# Text Generation With LSTM Recurrent Neural Networks in Python with Keras
https://machinelearningmastery.com/text-generation-lstm-recurrent-neural-networks-python-keras/

# Problem Description: Project Gutenberg

# Develop a Small LSTM Recurrent Neural Network

In [None]:

In this section, you will develop a simple LSTM network to learn sequences of characters from Alice in Wonderland.

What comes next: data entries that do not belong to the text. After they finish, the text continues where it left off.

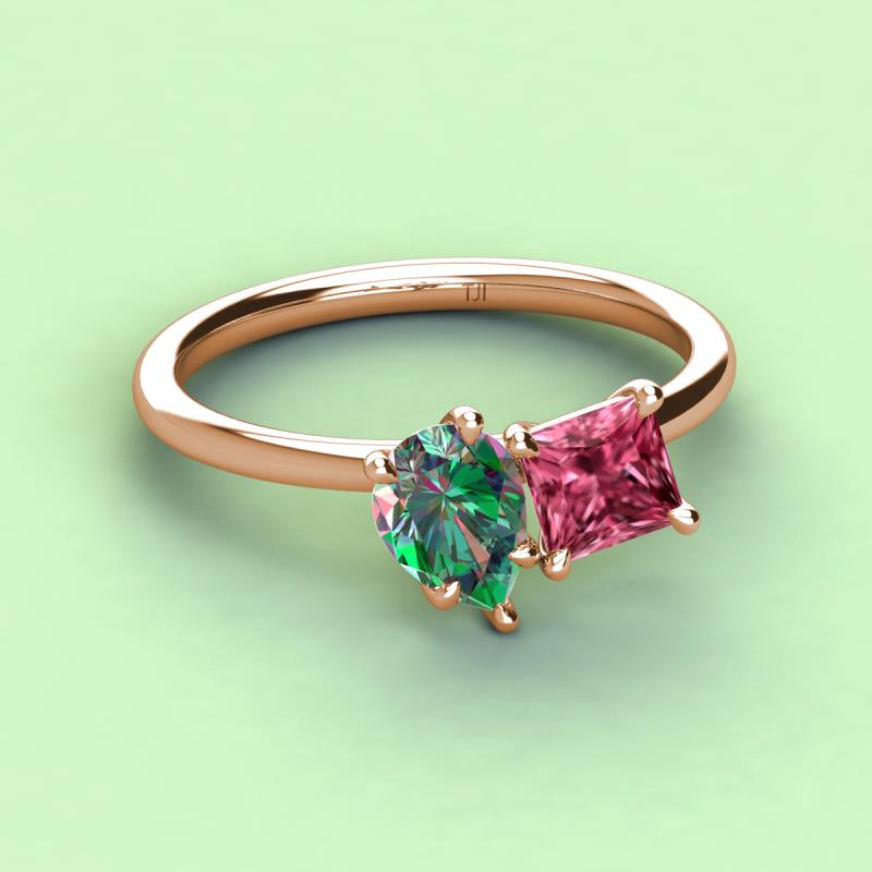 A beautiful symbol of everlasting love, this duo two-stone ring showcases a pair of Pear Shape Lab Created Alexandrite shimmering alongside of a luminous Princess Shape Pink Tourmaline crafted beautifully that represents two of you together.
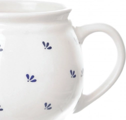 Elegantní keramický hrnek o objemu 190 ml v bílé barvě s jemným modrým dekorem je ideální pro každodenní pití čaje, kávy či kakaa. Díky pohodlnému uchu se dobře drží, je vhodný do myčky i mikrovlnné trouby a svým minimalistickým designem krásně doplní každou tabuli.
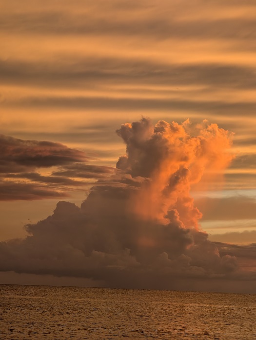25th June 2023 Perhaps the best part of being on passage is the constant display of interesting clouds. My favorite deck watch is from 03:00 to 08:00 as I am treated to a sunrise most every morning. I often miss the sunsets as I am generally busy cooking dinner at that time.

In the next section, you will use this model to generate new sequences of characters.

Let’s start by importing the classes and functions you will use to train your model.

import numpy as np
import tensorflow as tf
from tensorflow.keras.models import Sequential
from tensorflow.keras.layers import Dense
from tensorflow.keras.layers import Dropout
from tensorflow.keras.layers import LSTM
from tensorflow.keras.callbacks import ModelCheckpoint
from tensorflow.keras.utils import to_categorical
...
Next, you need to load the ASCII text for the book into memory and convert all of the characters to lowercase to reduce the vocabulary the network must learn.

...
# load ascii text and covert to lowercase
filename = "wonderland.txt"
raw_text = open(filename, 'r', encoding='utf-8').read()
raw_text = raw_text.lower()
Now that the book is loaded, you must prepare the data for modeling by the neural network. You cannot model the characters directly; instead, you must convert the characters to integers.

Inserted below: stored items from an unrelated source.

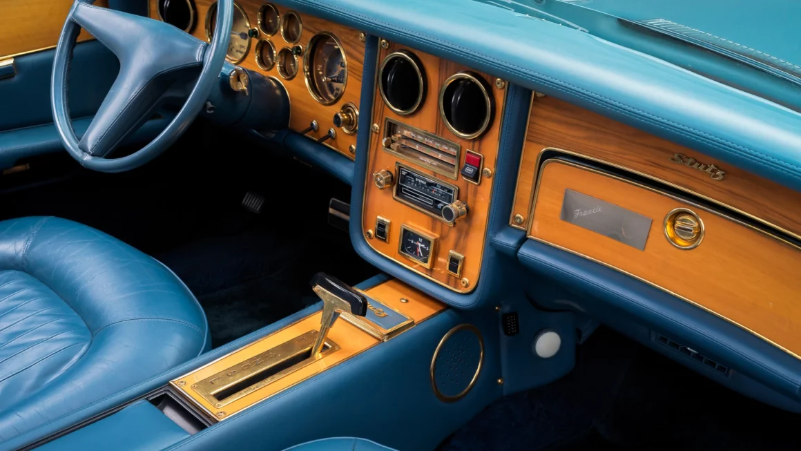Ce coupé Stutz a été vendu peu de temps après, mais le propriétaire (qui était Président des USA) n’a pas voulu que son identité (Ronald Reagan) soit dévoilée. L’histoire reprend au début des années 2000 quand le Coupé Stutz était dans les mains du célèbre imitateur d’Elvis : Paul Casey, qui a navigué chaque jour à son volant sur le strip de Las Vegas. En avril 2009, Paul Casey a vendu le Coupé Stutz à Erik Nielsen vivant en Californie. Le propriétaire le plus récent l’a acquis de Nielsen 14 mois plus tard, et a entrepris une restauration minutieuse jusqu’aux écrous et boulons, des heures indicibles à s’approvisionner en pièces rares et uniques perdues par le temps et les propriétaires négligents. La Carrozzeria Padane ayant également construit les Maserati Mistral, Indy et Bora aux côtés des Stutz, de nombreux composants provenaient des mêmes bacs… Mais certaines pièces ont été particulièrement difficiles à obtenir, y compris le lecteur original Lear Jet stéréo 8 pistes et l’ensemble de cinq roues et pneus Firestone LXX de 17 pouces, dont moins de 50 ensembles ont été produits ! Prix de vente : 325.000 $
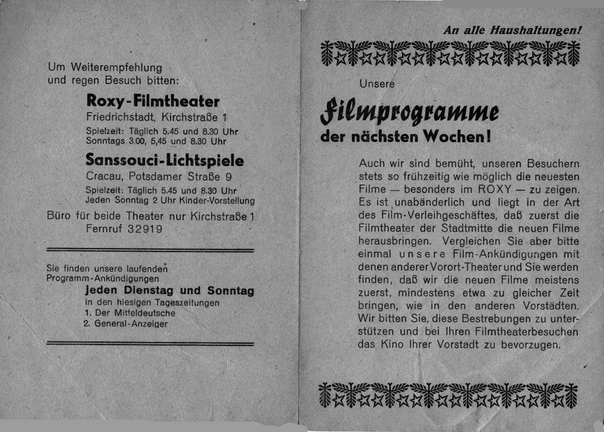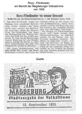 Ein Zeitungsausschnitt aus dem Jahre 1955 vom Roxy-Filmtheater-Wiederaufbau, welches später doch wieder abgerissen wurde! Einwürfe in Briefkästen
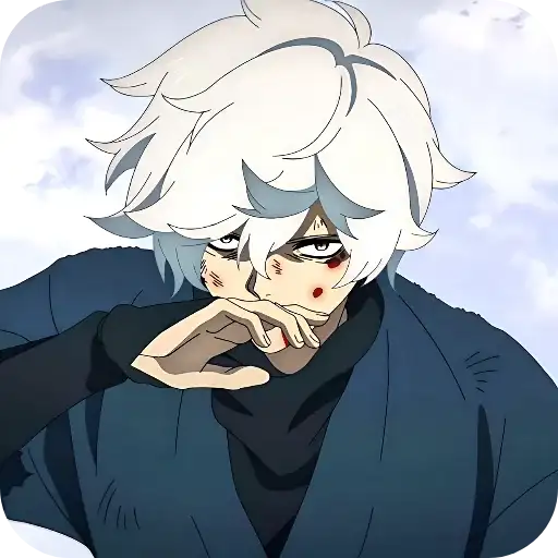Rosto de um personagem de anime com cabelo branco e olhos castanhos. Ele está usando um casaco preto.
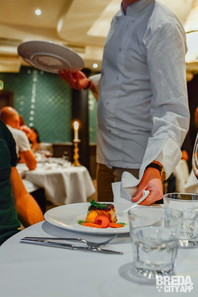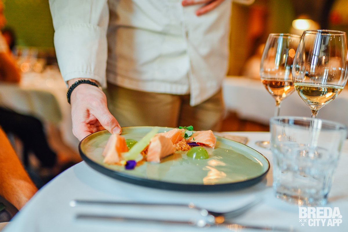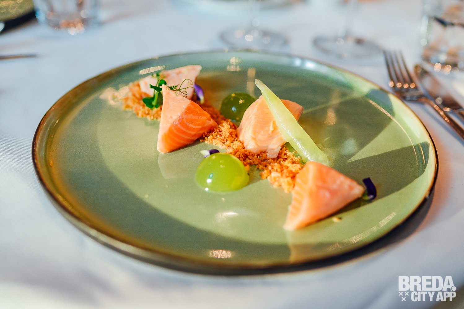 Het voorgerecht wordt geserveerd, dat bestaat uit zalm gemarineerd in gin en tonic, met crumble van gedroogde tonijn en zoute citroen. De volle en verse smaken van deze ingrediënten gaan mooi samen in combinatie met de gelei van komkommer die het geheel wat frisser maakt. Terwijl de prachtige opgemaakte borden op tafel verschijnen wordt er nog wat extra gin over het voorgerecht gesprayd. Dat is een leuke verrassing!
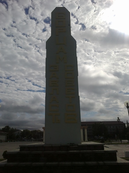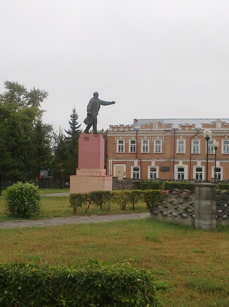 - Ещё один взгляд на памятник, с другой стороны. На заднем плане (за площадью) виден дом 3 квартала 12, хорошо знакомый всем иногородним посетителям: это главная (и, возможно, единственная) гостиница в городе.

You can do this easily by first creating a set of all of the distinct characters in the book, then creating a map of each character to a unique integer.

...
# create mapping of unique chars to integers
chars = sorted(list(set(raw_text)))
char_to_int = dict((c, i) for i, c in enumerate(chars))
For example, the list of unique sorted lowercase characters in the book is as follows:

['\n', '\r', ' ', '!', '"', "'", '(', ')', '*', ',', '-', '.', ':', ';', '?', '[', ']', '_', 'a', 'b', 'c', 'd', 'e', 'f', 'g', 'h', 'i', 'j', 'k', 'l', 'm', 'n', 'o', 'p', 'q', 'r', 's', 't', 'u', 'v', 'w', 'x', 'y', 'z', '\xbb', '\xbf', '\xef']
You can see that there may be some characters that we could remove to further clean up the dataset to reduce the vocabulary, which may improve the modeling process.

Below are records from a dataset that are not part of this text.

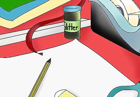 Gather the other material to be used. Assemble everything you need to make your school or work project. You can fix the base material or a chart paper if that is the main surface to add all the other material on and fix it on a sturdy table.
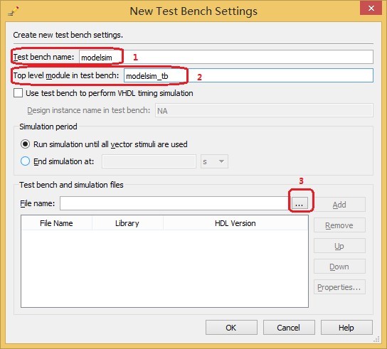 8、点击 New,根据图示对框 1 和框 2 处进行设置,点击框 3 处选择 modelsim.vt 文件,选择后并点击框 3 后面的 Add,最后点击 OK 结束。
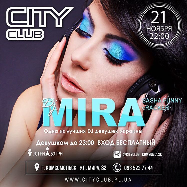 География её выступлений не останавливается на нашей стране! Она объехала Индию и Китай, а также выступает в клубах Дубаи! В эту субботу Mira для вас.
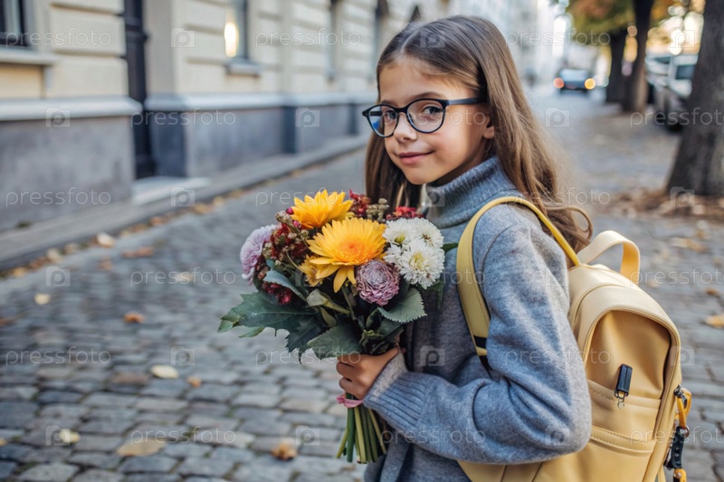 Красивая девушка с очками и букетом осенних цветов впервые идет в школу. Ребенок со школьной сумкой, книгой и цветами. Малыш на городской улице
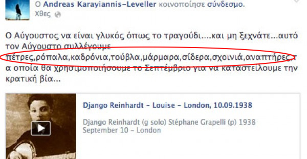 Ο Ανδρέας Καραγιάννης κάλεσε μέσω μηνύματος στο Facebook τον κόσμο σε… αντάρτικο πόλης.
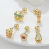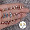 Pendientes de acero inoxidable de 20 g con forma de varilla fina y circonita de color 18 quilates, estilo coreano, con forma de hueso de oreja de Hamburgo y bola de rosca.
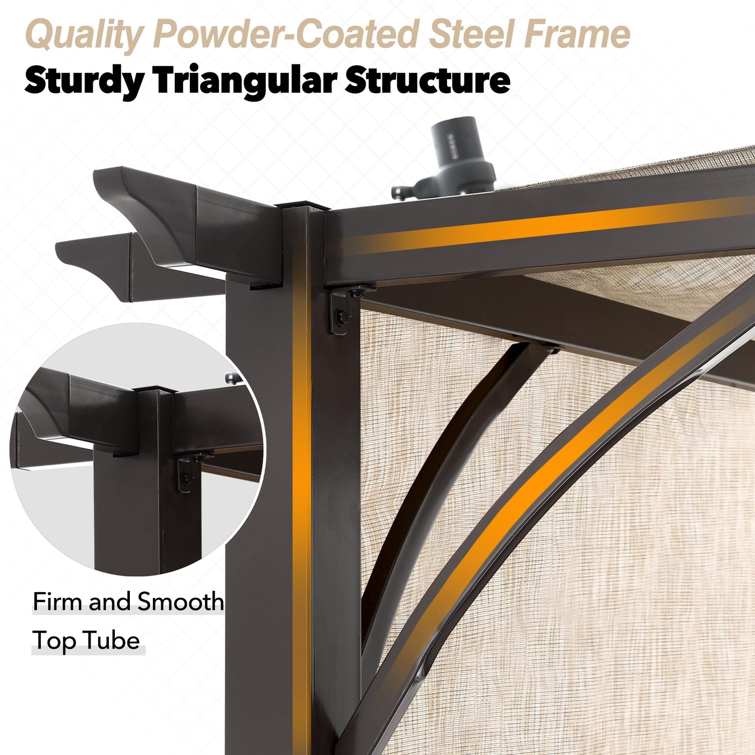- 🔵Sturdy Construction: The frame is made of high-grade steel and coated with rustproof layer, which can resist chipping, peeling, rust and corrosion, withstand various weather elements, provide extra durability and prolong the pergola's service life.
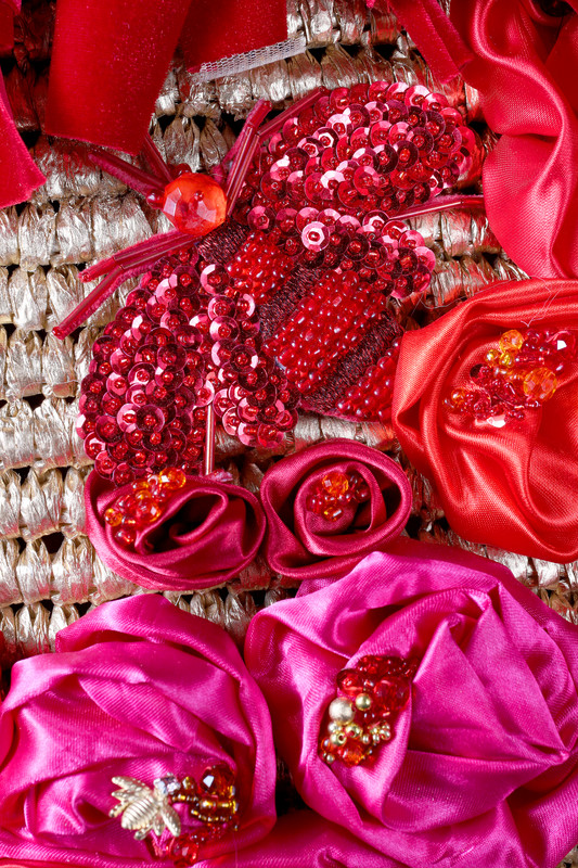 Capazo de paja flexible tejido a mano, con flores de raso de seda hechas pétalo por pétalo, bordadas con lentejuelas, mostacillas y perlas. Abejorros bordados con hilo de seda. Asas intervenidas con lentejuelas de color rojo oscuro.

Now that the book has been loaded and the mapping prepared, you can summarize the dataset.

...
n_chars = len(raw_text)
n_vocab = len(chars)
print "Total Characters: ", n_chars
print "Total Vocab: ", n_vocab
Running the code to this point produces the following output.

Total Characters:  147674
Total Vocab:  47
You can see the book has just under 150,000 characters, and when converted to lowercase, there are only 47 distinct characters in the vocabulary for the network to learn—much more than the 26 in the alphabet.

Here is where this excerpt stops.